═════ Material for this task
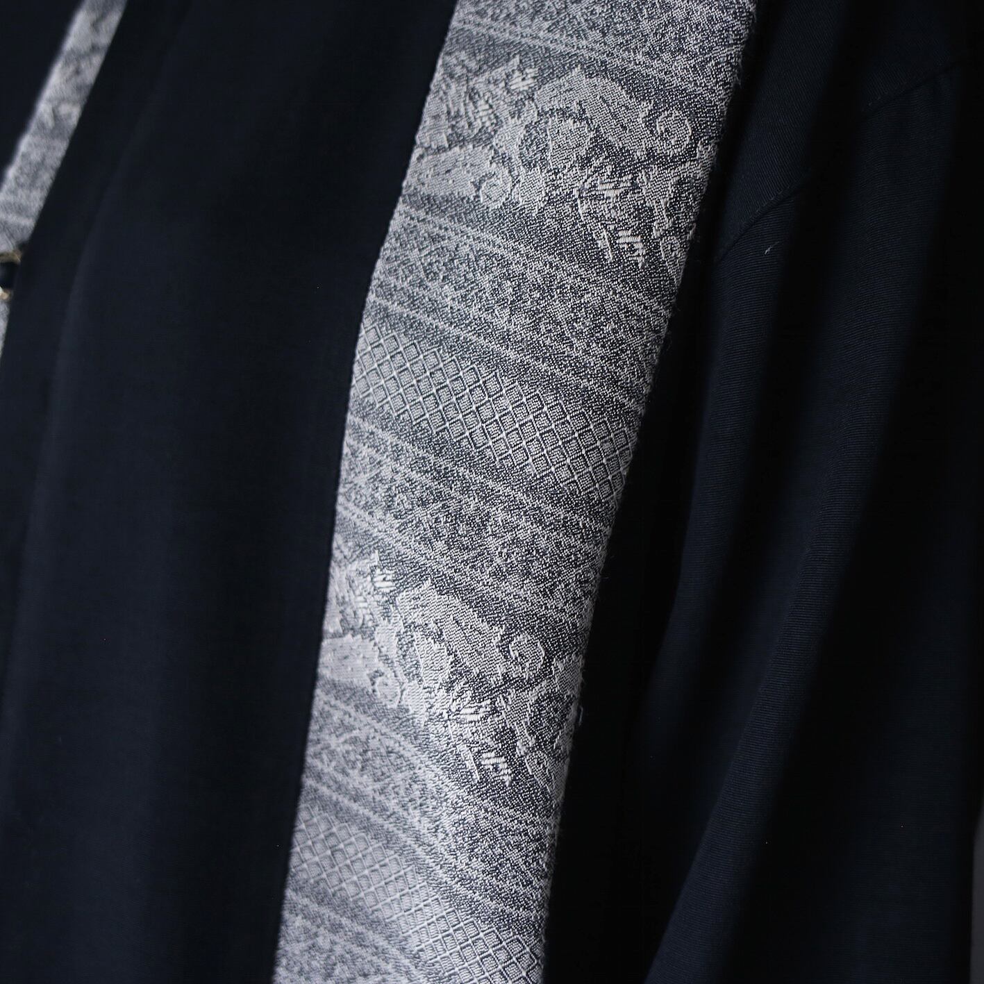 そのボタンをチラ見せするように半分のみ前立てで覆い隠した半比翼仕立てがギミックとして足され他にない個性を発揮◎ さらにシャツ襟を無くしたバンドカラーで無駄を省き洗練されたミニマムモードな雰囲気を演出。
══════════
═════ Material for this task
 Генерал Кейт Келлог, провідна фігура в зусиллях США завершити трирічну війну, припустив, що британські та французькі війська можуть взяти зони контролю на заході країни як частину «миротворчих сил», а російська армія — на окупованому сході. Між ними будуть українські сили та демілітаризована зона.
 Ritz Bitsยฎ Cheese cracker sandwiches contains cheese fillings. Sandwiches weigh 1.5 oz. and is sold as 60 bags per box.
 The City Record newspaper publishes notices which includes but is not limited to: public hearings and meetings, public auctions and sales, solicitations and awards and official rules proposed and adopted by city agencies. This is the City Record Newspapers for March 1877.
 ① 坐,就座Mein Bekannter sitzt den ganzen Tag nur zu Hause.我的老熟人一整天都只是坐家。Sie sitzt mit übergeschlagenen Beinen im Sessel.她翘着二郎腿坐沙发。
══════════
═════ Material for this task
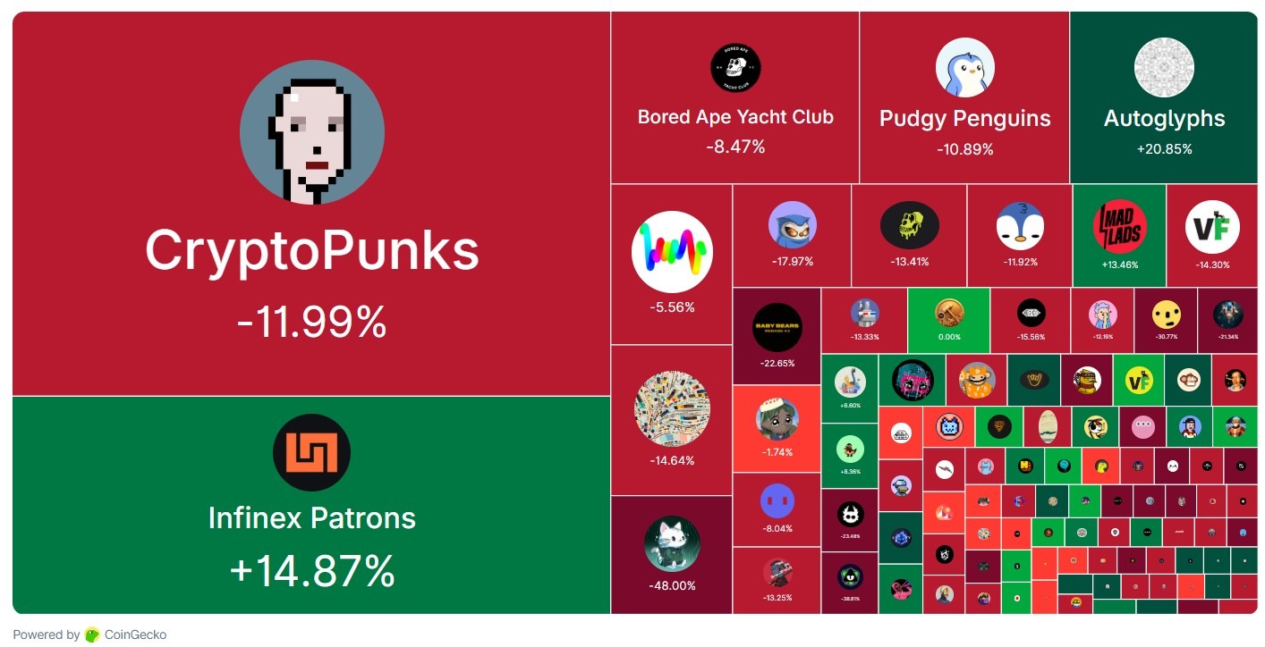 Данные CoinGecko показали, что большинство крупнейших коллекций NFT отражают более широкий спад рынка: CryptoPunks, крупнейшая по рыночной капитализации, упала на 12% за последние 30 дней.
══════════
◆ Directions ◆
The line above containing "Генерал Кейт Келлог, провідна", the line containing "① 坐,就座Mein Bekannter", and every line between them are to be transcribed exactly; no other line is wanted.

◆ Exercise answer ◆
 Генерал Кейт Келлог, провідна фігура в зусиллях США завершити трирічну війну, припустив, що британські та французькі війська можуть взяти зони контролю на заході країни як частину «миротворчих сил», а російська армія — на окупованому сході. Між ними будуть українські сили та демілітаризована зона.
 Ritz Bitsยฎ Cheese cracker sandwiches contains cheese fillings. Sandwiches weigh 1.5 oz. and is sold as 60 bags per box.
 The City Record newspaper publishes notices which includes but is not limited to: public hearings and meetings, public auctions and sales, solicitations and awards and official rules proposed and adopted by city agencies. This is the City Record Newspapers for March 1877.
 ① 坐,就座Mein Bekannter sitzt den ganzen Tag nur zu Hause.我的老熟人一整天都只是坐家。Sie sitzt mit übergeschlagenen Beinen im Sessel.她翘着二郎腿坐沙发。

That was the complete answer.